Doom and Gloom at the End of World War II. The cover of Life Magazine from January 7, 1946 (feature article here). Winston Churchill paints after being turned out of office while Europe was in chaos.
The mainstream media at the time reported doom and gloom. Where was our plan for victory? History repeats itself today in Iraq where our slow, steady, measurable progress is met with "but, but, but" from the same people who are desperate to escape accountability for never having any practical, effective solutions of their own on how to solve the immense problems we confront in geopolitics.
It took fifty years to clean up the mess after World War II. Would the naysayers say we shouldn't have bothered? Had we followed their lead, everyone in Europe, or at least the few permitted to survive the Holocaust, would either be speaking Russian or German.
Today, Germany, Japan and Italy are our allies in an international system that promotes economic prosperity, freedom and peace. Even Russia has changed from being an implacable foe to being more of an occasional nuisance.

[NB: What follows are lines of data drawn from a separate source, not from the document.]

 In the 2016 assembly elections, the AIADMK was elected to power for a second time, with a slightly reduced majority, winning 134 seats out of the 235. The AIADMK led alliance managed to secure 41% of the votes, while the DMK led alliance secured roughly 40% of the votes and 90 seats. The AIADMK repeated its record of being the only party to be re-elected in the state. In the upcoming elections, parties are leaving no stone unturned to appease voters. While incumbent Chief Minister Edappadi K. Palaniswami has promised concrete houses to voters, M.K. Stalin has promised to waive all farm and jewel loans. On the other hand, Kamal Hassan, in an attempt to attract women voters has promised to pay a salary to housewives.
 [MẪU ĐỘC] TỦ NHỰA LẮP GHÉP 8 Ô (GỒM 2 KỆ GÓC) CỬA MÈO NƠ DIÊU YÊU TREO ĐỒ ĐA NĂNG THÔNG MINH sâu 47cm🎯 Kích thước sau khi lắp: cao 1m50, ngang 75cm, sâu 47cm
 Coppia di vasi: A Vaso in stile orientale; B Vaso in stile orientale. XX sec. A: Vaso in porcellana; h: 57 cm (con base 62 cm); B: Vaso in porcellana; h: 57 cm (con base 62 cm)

The naysayers would have told us that none of that was possible. Or that somehow, they would have done it "better." Though if you look back at the last time they had the chance to do it "better" you will realize they handed North Korea the ability to make the nuclear weapons that currently threaten peace in Asia.
Jump forward to today where an unrelenting focus on what is not going right undermines the efforts to promote policies that history has shown to be successful. Those policies represent the best practical, effective and workable, though difficult, way forward in dangerous times.

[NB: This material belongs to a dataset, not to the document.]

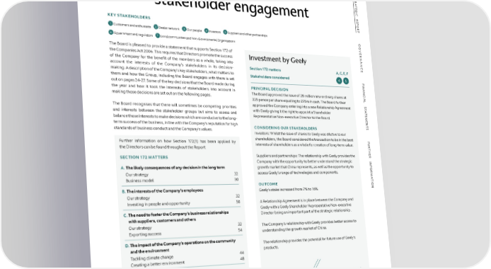 STRATEGIC REPORT SECTION 172 STATEMENT S TR A Key decisions and TE G I C R stakeholder engagement E P O R KEY STAKEHOLDERS T 1 2 3 4 5 Customers and enthusiasts Dealer network Our people Investors Suppliers and other partnerships G O 6 Government and regulators 7 Local communities and Non-Governmental Organisations VE R The Board is pleased to provide a statement that supports Section 172 of NAN the Companies Act 2006. This requires that Directors promote the success Investment by Geely C of the Company for the benefit of the members as a whole, taking into Section 172 matters A, C, E, F E account the interests of the Company’s stakeholders in its decision- making. A description of the Company’s key stakeholders, what matters to Stakeholders considered 4 5 F them and how the Group, including the Board engages with them is set I out on pages 24-27. Some of the key decisions that the Board made during NAN PRINCIPAL DECISION the year and how it took the interests of stakeholders into account in C making those decisions are set out on the following pages. The Board approved the issue of 28 million new ordinary shares at IAL 335 pence per share equating to £95m in cash. The Board further S approved the Company entering into a new Relationship Agreement T The Board recognises that there will sometimes be competing priorities A with Geely giving it the right to appoint a Shareholder T and interests between the stakeholder groups but aims to assess and E Representative Non-executive Director to the Board. M balance those interests to make decisions which are conducive to the long- E N term success of the business, in line with the Company’s reputation for high T standards of business conduct and the Company’s values. CONSIDERING OUR STAKEHOLDERS S Investors: Whilst the issue of shares to Geely was dilutive to our shareholders, the Board considered the transaction to be in the best F Further information on how Section 172(1) has been applied by U interests of shareholders as a whole for creation of long-term value. R the Directors can be found throughout the Report T H E Suppliers and partnerships: The relationship with Geely provides the R SECTION 172 MATTERS Company with the opportunity to better understand the strategic INF A. The likely consequences of any decision in the long term growth market that China represents, as well as the opportunity to OR Our strategy 32 access Geely’s range of technologies and components. M A Business model 30 T I B. The interests of the Company’s employees OUTCOME ON Geely’s stake increased from 7% to 16%. Our strategy 32 Investing in people and opportunity 50 A Relationship Agreement is in place between the Company and C. The need to foster the Company’s business relationships Geely with a Geely Shareholder Representative Non-executive with suppliers, customers and others Director being an important part of the strategic relationship . Our strategy 32 The Company’s relationship with Geely provides better access to Exporting success 54 understanding the growth market of China. D. T he impact of the Company’s operations on the community The relationship provides the potential for future use of Geely’s and the environment products. Tackling climate change 44 Creating a better environment 48 E. The desirability of the Company maintaining a reputation for high standards of business conduct Leadership and governance 82 This transaction enables the creation of Risk management 64 a long-term partnership with Geely and Delivering the highest standards 56 the exploration of joint technology F. The need to act fairly as between members of the Company synergies and new growth Investor engagement 90 opportunities” Leadership and governance 82 ASTON MARTIN LAGONDA ANNUAL REPORT AND ACCOUNTS 2023 28
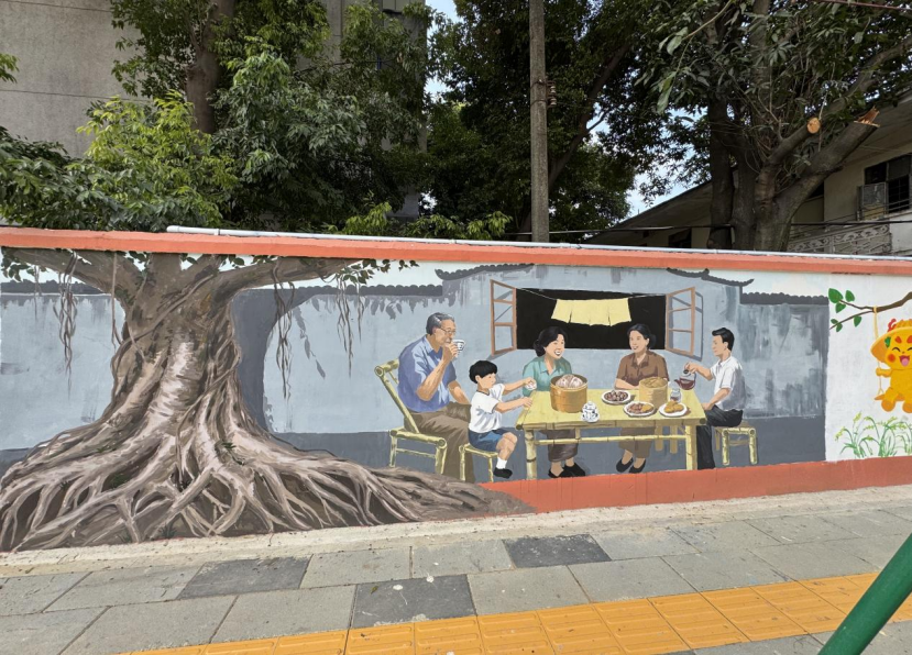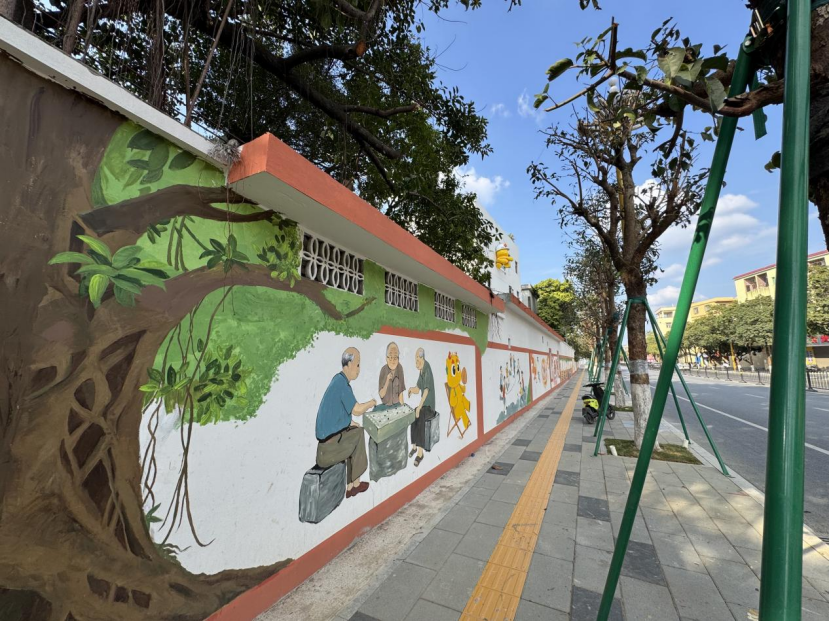 区别于简单的装饰涂绘,本次创作格外注重“在地性”与“叙事性”。师生团队在动笔前,反复观察每段围墙所处的环境。是郁郁葱葱的古榕旁,还是充满年代感的居民楼前。他们巧妙构思,让墙绘与真实场景对话,例如将真实的榕树“延伸”为画中人物闲坐聊天的背景,虚实结合,妙趣横生。

Yet the naysayers continue. Never recognizing progress, only trumpeting failure and shortcoming. And still, they offer no real alternative, just a suggestion that somehow, they would do it "better." When pressed, that "better" they claim to represent is little more than a rehash of the current Bush policy which they oppose.
Take for example ex-presidential candidate John Kerry's "global test" and former Secretary of State Madeline Albright's recent admonishment to President Bush that we are losing our allies. Well guess those folks didn't see the news that both Canada and Germany recently elected more pro-American (read PRO-BUSH) governments and the recent diplomatic successes of President Bush's trip to Afghanistan, India and Pakistan. No doubt they ignored the re-election of pro-Bush Prime Minister Howard of Australia too.
When there is hard work to be done, it's "better" to stick with the people whose success is proven rather than those who can only say "no."